Great, let’s get the values for the parameter we want. D-PLACE
indexes the variables in a column Var_ID
:
dplace$tables$ValueTable |> filter(Var_ID=='EA113')
#> # A tibble: 1,291 × 11
#> ID Soc_ID Var_ID Value Code_ID Comment Source sub_case year
#> <chr> <chr> <chr> <chr> <chr> <chr> <chr> <chr> <chr>
#> 1 ea-117482 Aa1 EA113 Flexible EA113-2 <NA> <NA> Nyai Nyae reg… 1950
#> 2 ea-117483 Aa2 EA113 <NA> EA113-NA <NA> <NA> <NA> <NA>
#> 3 ea-117484 Aa3 EA113 <NA> EA113-NA <NA> <NA> <NA> <NA>
#> 4 ea-117485 Aa4 EA113 <NA> EA113-NA <NA> <NA> <NA> <NA>
#> 5 ea-117486 Aa5 EA113 Flexible EA113-2 <NA> <NA> Epulu net-hun… 1930
#> 6 ea-117487 Aa6 EA113 <NA> EA113-NA <NA> <NA> <NA> <NA>
#> 7 ea-117488 Aa7 EA113 <NA> EA113-NA <NA> <NA> <NA> <NA>
#> 8 ea-117489 Aa8 EA113 <NA> EA113-NA <NA> <NA> <NA> <NA>
#> 9 ea-117490 Aa9 EA113 <NA> EA113-NA <NA> <NA> <NA> <NA>
#> 10 ea-117491 Ab1 EA113 <NA> EA113-NA <NA> <NA> <NA> <NA>
#> # ℹ 1,281 more rows
#> # ℹ 2 more variables: source_coded_data <chr>, admin_comment <chr>
We want to merge this with our Grambank data but need a way to do
this. D-PLACE stores glottocode
information that maps each
society to a language. This column is also in the Languages table in
Grambank. So, let’s get the trait values for EA113 and add the
glottocodes from LanguageTable using a join
:
# get languages from DPLACE
dplanguages <- dplace$tables$LanguageTable |> select(ID, Glottocode)
# get values for EA113 and merge with language information
ea113 <- dplace$tables$ValueTable |>
filter(Var_ID=='EA113') |>
select(Soc_ID, Value) |>
left_join(dplanguages, join_by(Soc_ID==ID))
# rename `Value` to EA113
ea113 <- ea113 |> mutate(EA113=Value) |> select(Glottocode, EA113)
head(ea113)
#> # A tibble: 6 × 2
#> Glottocode EA113
#> <chr> <chr>
#> 1 juho1239 Flexible
#> 2 okie1245 <NA>
#> 3 nama1265 <NA>
#> 4 dama1270 <NA>
#> 5 bila1255 Flexible
#> 6 sand1273 <NA>
Now get the grambank data into the same format:
gb028 <- values |>
mutate(Glottocode=Language_ID, GB028=Value) |>
select(Glottocode, GB028)
head(gb028)
#> # A tibble: 6 × 2
#> Glottocode GB028
#> <chr> <chr>
#> 1 abad1241 1
#> 2 abar1238 0
#> 3 abau1245 0
#> 4 abee1242 0
#> 5 aben1249 1
#> 6 abip1241 0
…and finally join them up using the mutual column ‘Glottocode’. I’ll
use an inner join here to only get the languages/societies that are in
both datasets. And we’ll use na.omit
to only keep rows that
have data for both variables:
df <- gb028 |> inner_join(ea113) |> na.omit()
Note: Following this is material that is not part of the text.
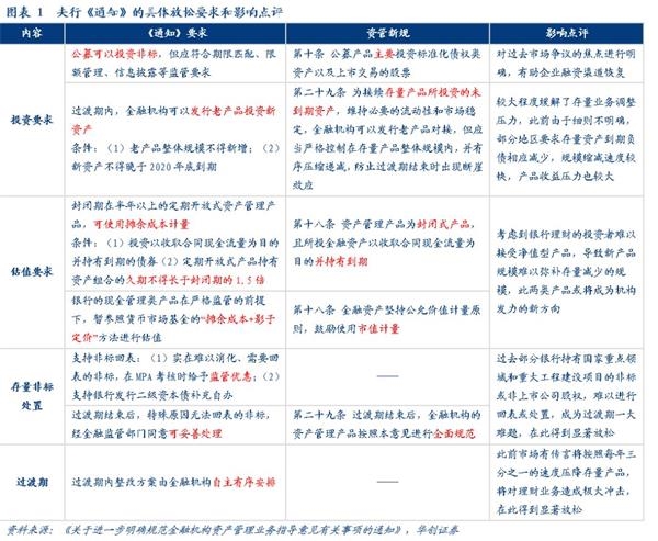 第一,过渡期内业务整改的监管要求显著放松,充分考虑目前经济与金融体系面临的内外部压力,有助于避免由于监管压力集中释放导致的金融市场风险和经济下行风险。此次配套细则集中下发,分层次作用于短期和长期行业的调整和重塑:

#> Joining with `by = join_by(Glottocode)`
head(df)
#> # A tibble: 6 × 3
#> Glottocode GB028 EA113
#> <chr> <chr> <chr>
#> 1 bila1255 0 Flexible
#> 2 chig1238 0 Flexible
#> 3 fefe1239 0 Flexible
#> 4 gand1255 1 Rigid
#> 5 hehe1240 0 Flexible
#> 6 juku1254 0 Rigid
Ok, it looks like we only have 17 rows for this pairing. That’s a little small, but let’s plot the data:
p1 <- ggplot(df, aes(x=GB028)) + geom_histogram(stat='count')
#> Warning in geom_histogram(stat = "count"): Ignoring unknown parameters:
#> `binwidth`, `bins`, and `pad`
p2 <- ggplot(df, aes(x=EA113)) + geom_histogram(stat='count')
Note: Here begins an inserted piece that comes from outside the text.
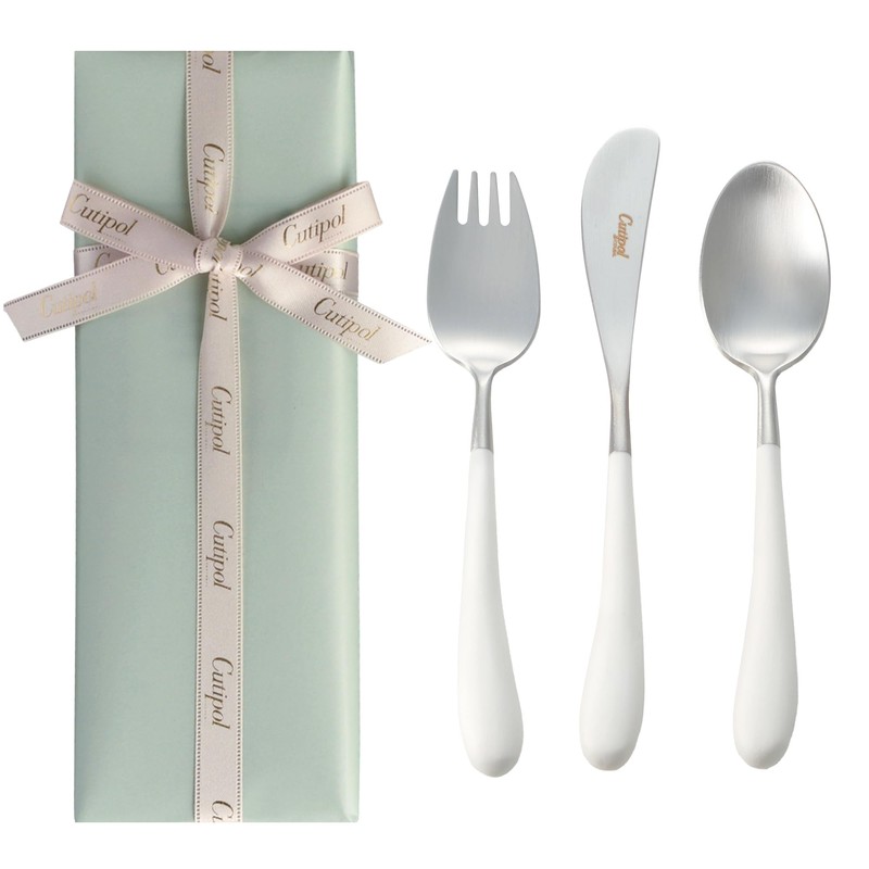 Cutipol Alice Set White/Matte Silver Children's Cutlery Set Ribbon Wrapping

#> Warning in geom_histogram(stat = "count"): Ignoring unknown parameters:
#> `binwidth`, `bins`, and `pad`
p1 / p2 # patchwork
Hmm. It looks like societies that do not mark this distinction between inclusive and exclusive tend to be those with flexible social structure. Looking good for our hypothesis, but let’s test it formally to make sure we’re not seeing a chance pattern:
tab <- table(df$GB028, df$EA113)
tab
#>
#> Flexible Rigid
#> 0 9 4
#> 1 3 1
chisq.test(tab)
#> Warning in chisq.test(tab): Chi-squared approximation may be incorrect
#>
#> Pearson's Chi-squared test with Yates' continuity correction
#>
#> data: tab
#> X-squared = 4.986e-31, df = 1, p-value = 1
….and the probability here is 1.0 of getting a result like this due to chance. So yes, this is just a chance result and there is no evidence in these data that languages which distinguish inclusive from exclusive also tend to be those that have rigid social structures. There goes our big paper in Nature/Science.